Retype the records below exactly as given, but only from the first line through the line with "レタスを加えてサッと炒め、全体に油が回ったら火を止め、塩・こしょうをふる。", and without the pictures.

─── RECORDS ───

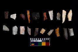 | Description / विवरण | There are n-20 of microliths, among them 6 are quartz, and 14 are of chert. Some of them are partially broken. They show variation in colour, size and shape. Some of them are blunted back blades, points, triangles, trapezes, crescent and truncated blades. |
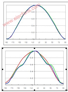 過比較可以看出,SMD的配光一致性比橢圓LED有明顯優(yōu)勢。
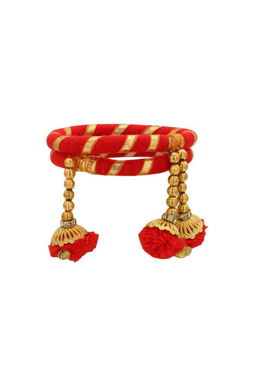 Silk Thread Red Color Customized Handmade Bangles With Pom Pom Latkan
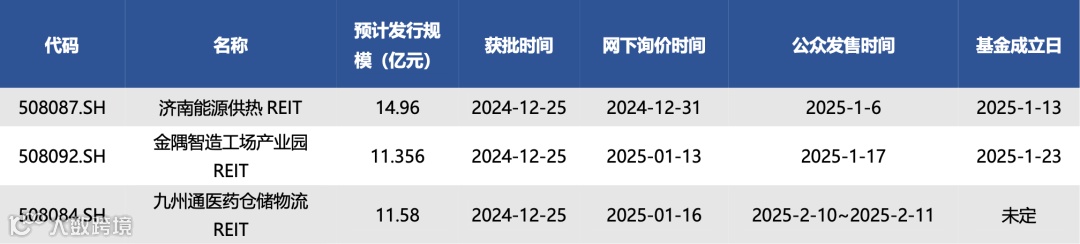 截至1月24日,已获批待上市REITs共有3只,情况如下表所示:
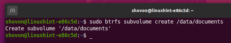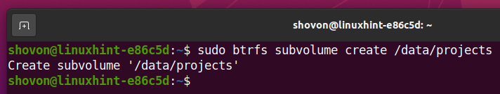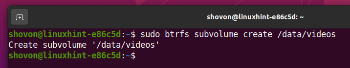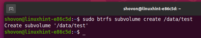 Let’s create a Btrfs subvolume test on the Btrfs filesystem mounted on the /data directory as follows:
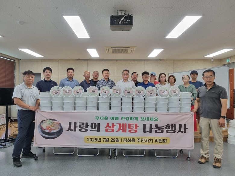 [강화군 세계타임즈=심하린 기자] 강화군 강화읍 주민자치위원회(회장 이광수)는 지난 29일, 삼복더위를 맞아 관내 어려운 이웃을 위한 ‘사랑의 삼계탕 나눔 행사’를 개최했다.
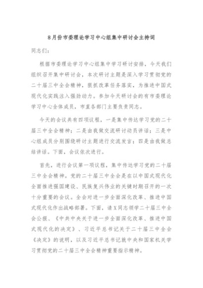 / 【七哥公文】2024年:8月份市委理论学习中心组集中研讨会主持词+更多免费公文+VX:QiGeGongWen2024
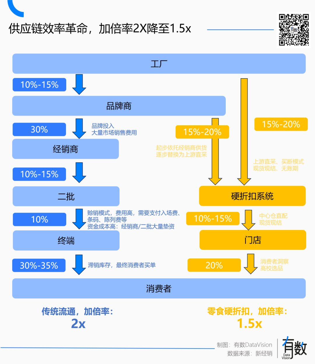 相比商超和便利店,同樣的商品折扣店只需要2-5折,絕大多數(shù)消費(fèi)者都難以拒絕這吸引力[6]。
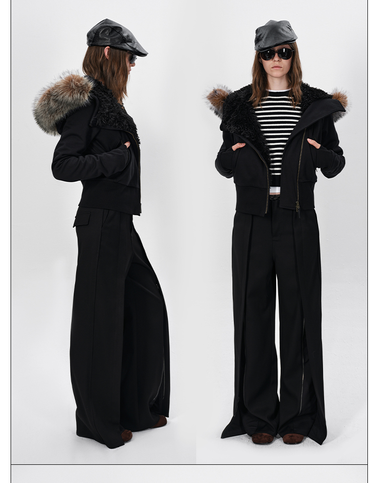 Rarely Alike Hooded Fur Collar Diagonal Placket Plush Lining Cotton Jacket Black/Gray/Navy Blue
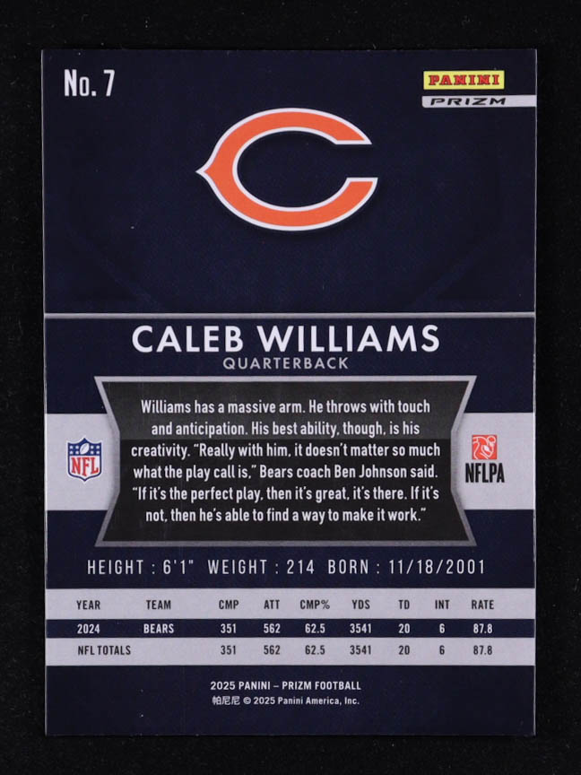 Caleb Williams 2025 Panini Prizm Prizm Flashback Prizms Silver #7
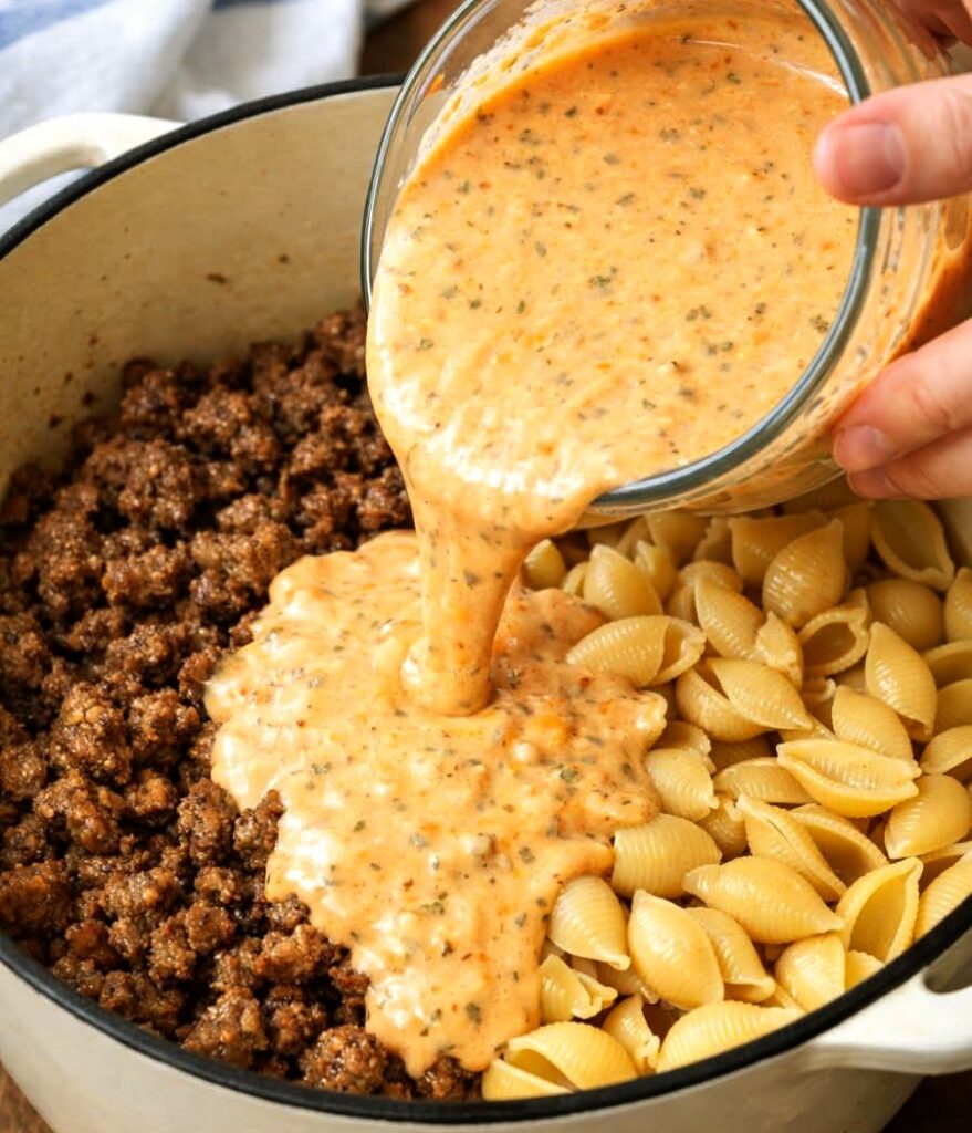 5. Cook together: Return Dutch oven to medium heat. Pour the creamy sauce over the pasta and beef. Gently press shells into the sauce. Bring to a gentle simmer, reduce heat to low, cover, and cook 15–18 minutes until pasta is tender.
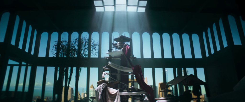 Die Kamera fährt über Details des Apartments hinweg und der Film endet in der Totalen des gigantischen Turms mit dem gleißend weißen Licht des Dachfensters. Dass der Turm an eine moderne Kunstinstallation erinnert, ist natürlich kein Zufall; so wie nichts in dem Film Zufall ist. Tatsächlich wurde der Turm von einem Kunstprojekt von Joanna Piotrowska inspiriert, von dem man Bilder ganz zu Anfang des Films entdecken kann.
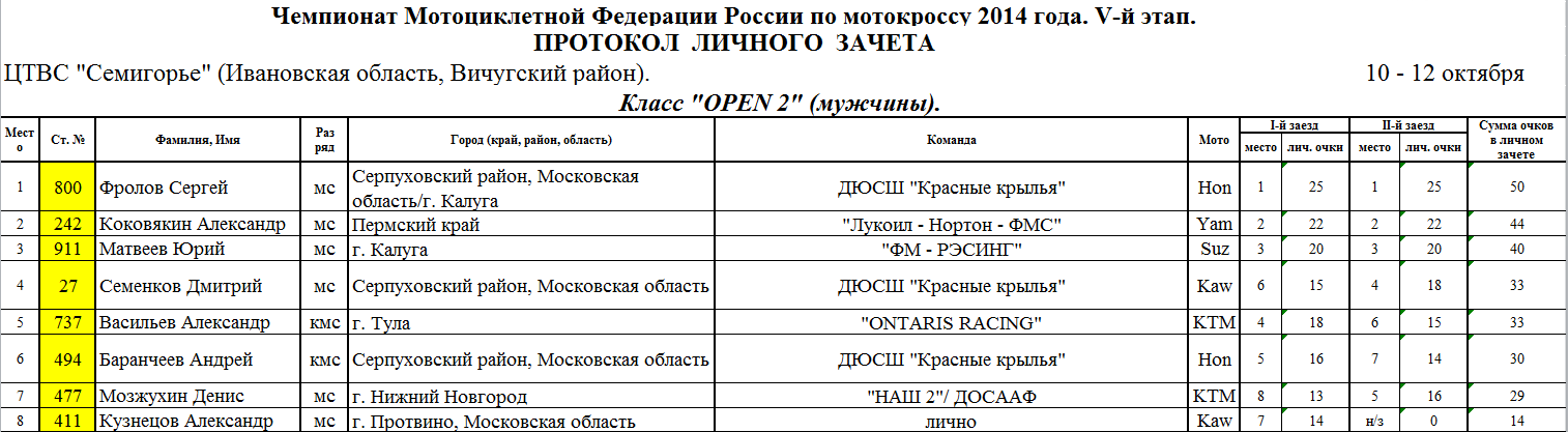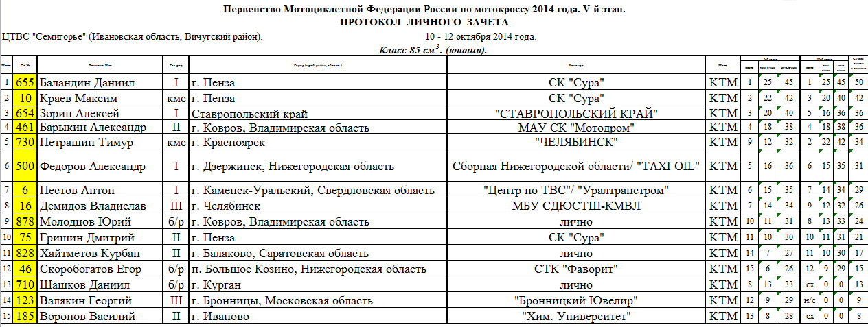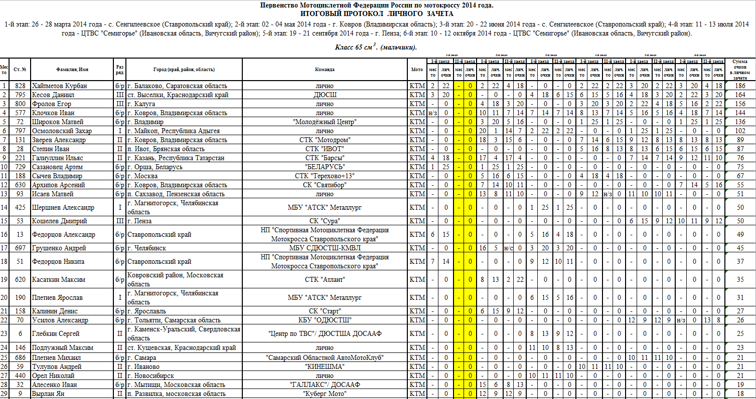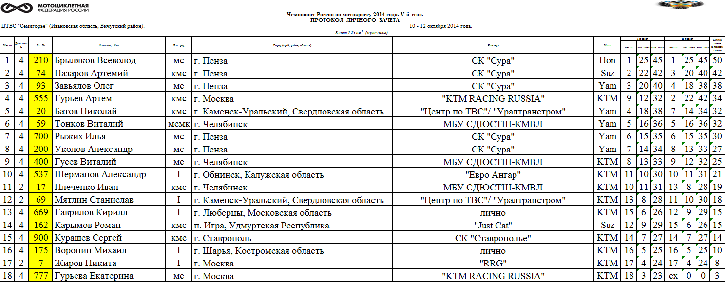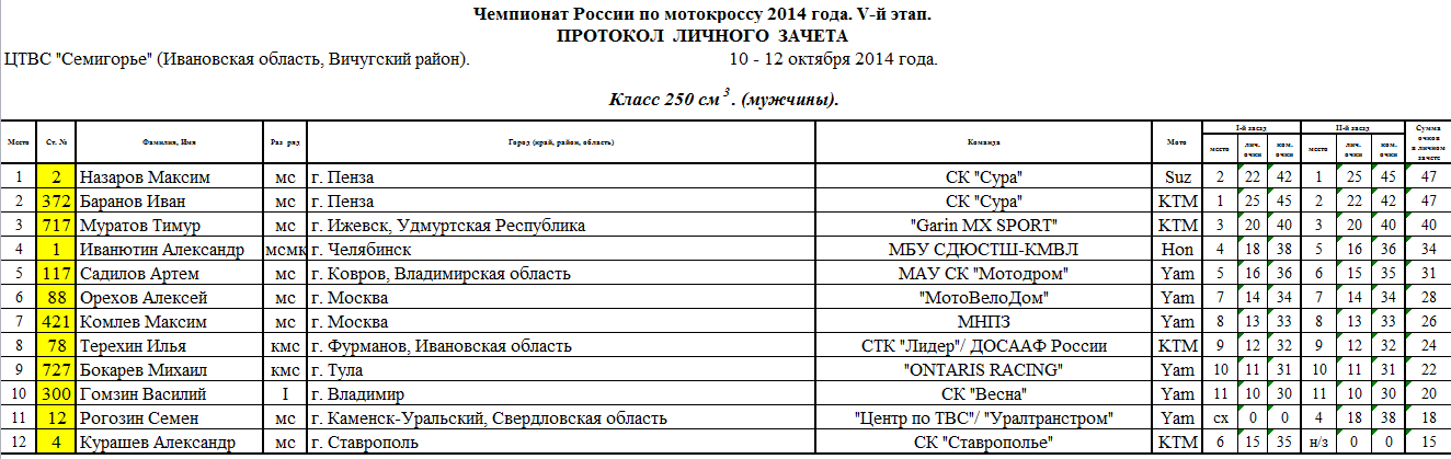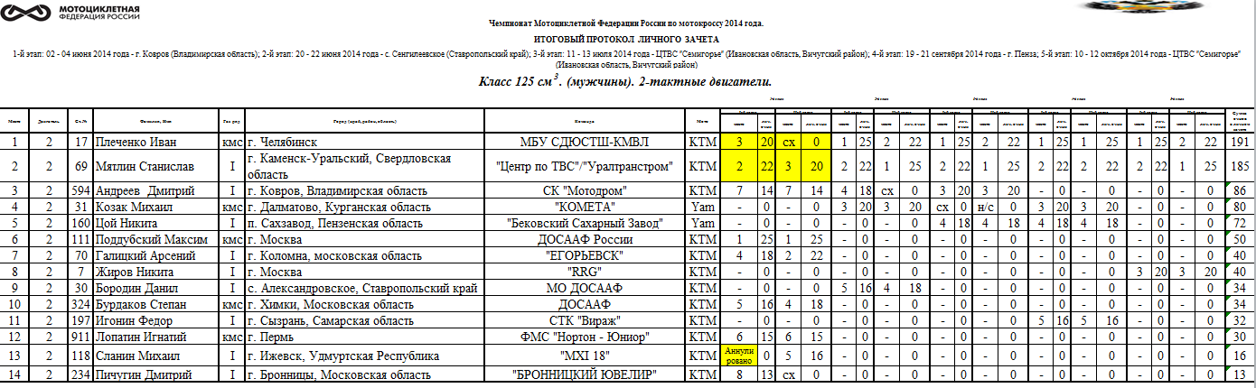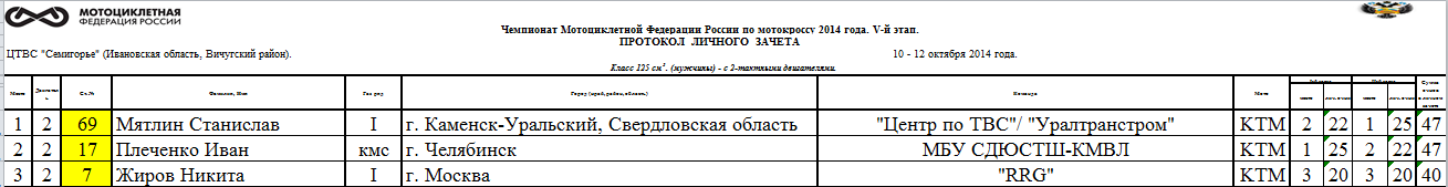 Протоколы результатов заключительного этапа и итоги Чемпионата России по Мотокроссу 2014 года.
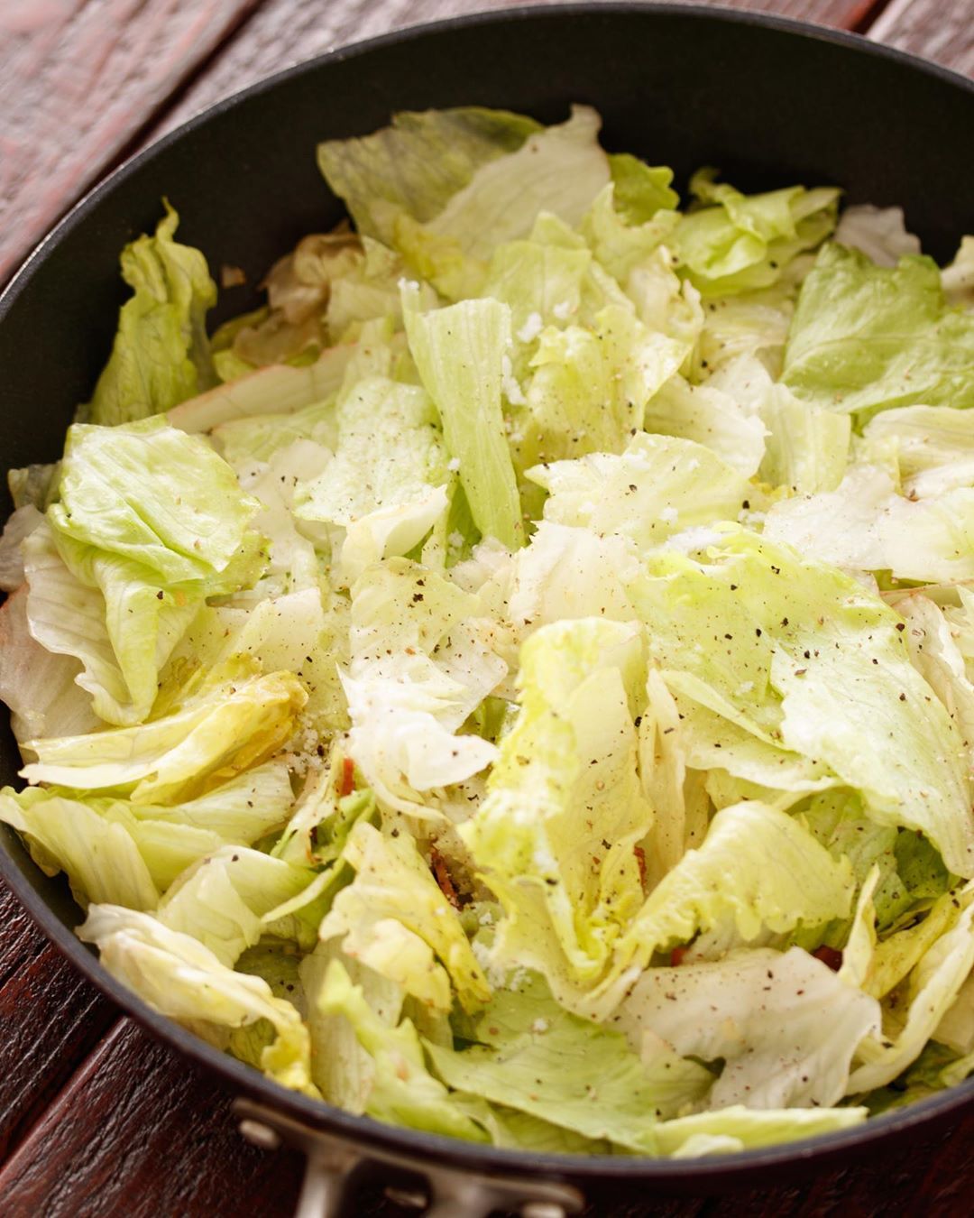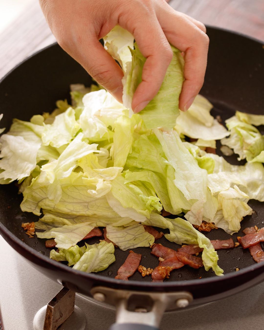 レタスを加えてサッと炒め、全体に油が回ったら火を止め、塩・こしょうをふる。
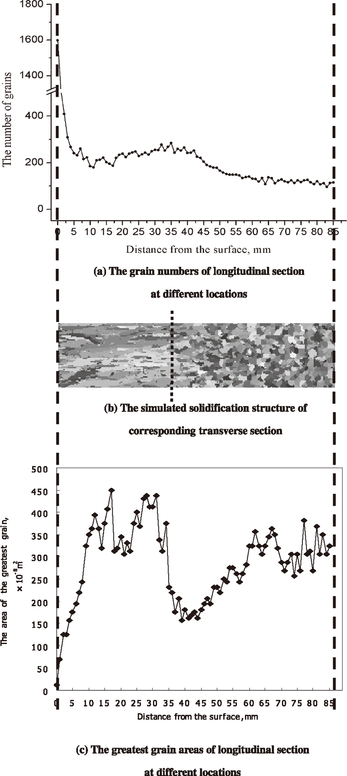 Based on the above discussion, the difference between the obtained results according to Eq. (8) and the findings of the present work can be probably attributed to two features that the established model has. The first one is the preferential growth <100> directions is accounted for simulating the solidification structure of continuous casting billet. During the solidification process of the outer columnar grain zone, especially the transition from equiaxed grain (in the chill zone) to columnar grain, the growth velocity is increased when increasing the relevant average temperature gradient, then the grains having the preferential <100> growth directions get more chances to grow for the reason that high dendrite growth velocity increases the extent of grain selection. The other one is that new nucleation cores can be formed in the solidification front of the columnar grains during the solidification process. The reason is that the normal distribution continuous nucleation model was used in the model. The number of new nucleation cores in the solidification front will be decreased when increasing the relevant average temperature gradient, then the average grain number of longitudinal section of the outer columnar grain zone will be decreased. So the change mechanism about the compactness degree of longitudinal section of the outer columnar grain zone in continuous casting billet may be different from that in net columnar grain zone where grains grow side by side and that of the central equiaxed grain zone in the billet.

───

EXERCISE OUTPUT -
 | Description / विवरण | There are n-20 of microliths, among them 6 are quartz, and 14 are of chert. Some of them are partially broken. They show variation in colour, size and shape. Some of them are blunted back blades, points, triangles, trapezes, crescent and truncated blades. |
 過比較可以看出,SMD的配光一致性比橢圓LED有明顯優(yōu)勢。
 Silk Thread Red Color Customized Handmade Bangles With Pom Pom Latkan
 截至1月24日,已获批待上市REITs共有3只,情况如下表所示:
 Let’s create a Btrfs subvolume test on the Btrfs filesystem mounted on the /data directory as follows:
 [강화군 세계타임즈=심하린 기자] 강화군 강화읍 주민자치위원회(회장 이광수)는 지난 29일, 삼복더위를 맞아 관내 어려운 이웃을 위한 ‘사랑의 삼계탕 나눔 행사’를 개최했다.
 / 【七哥公文】2024年:8月份市委理论学习中心组集中研讨会主持词+更多免费公文+VX:QiGeGongWen2024
 相比商超和便利店,同樣的商品折扣店只需要2-5折,絕大多數(shù)消費(fèi)者都難以拒絕這吸引力[6]。
 Rarely Alike Hooded Fur Collar Diagonal Placket Plush Lining Cotton Jacket Black/Gray/Navy Blue
 Caleb Williams 2025 Panini Prizm Prizm Flashback Prizms Silver #7
 5. Cook together: Return Dutch oven to medium heat. Pour the creamy sauce over the pasta and beef. Gently press shells into the sauce. Bring to a gentle simmer, reduce heat to low, cover, and cook 15–18 minutes until pasta is tender.
 Die Kamera fährt über Details des Apartments hinweg und der Film endet in der Totalen des gigantischen Turms mit dem gleißend weißen Licht des Dachfensters. Dass der Turm an eine moderne Kunstinstallation erinnert, ist natürlich kein Zufall; so wie nichts in dem Film Zufall ist. Tatsächlich wurde der Turm von einem Kunstprojekt von Joanna Piotrowska inspiriert, von dem man Bilder ganz zu Anfang des Films entdecken kann.
 Протоколы результатов заключительного этапа и итоги Чемпионата России по Мотокроссу 2014 года.
 レタスを加えてサッと炒め、全体に油が回ったら火を止め、塩・こしょうをふる。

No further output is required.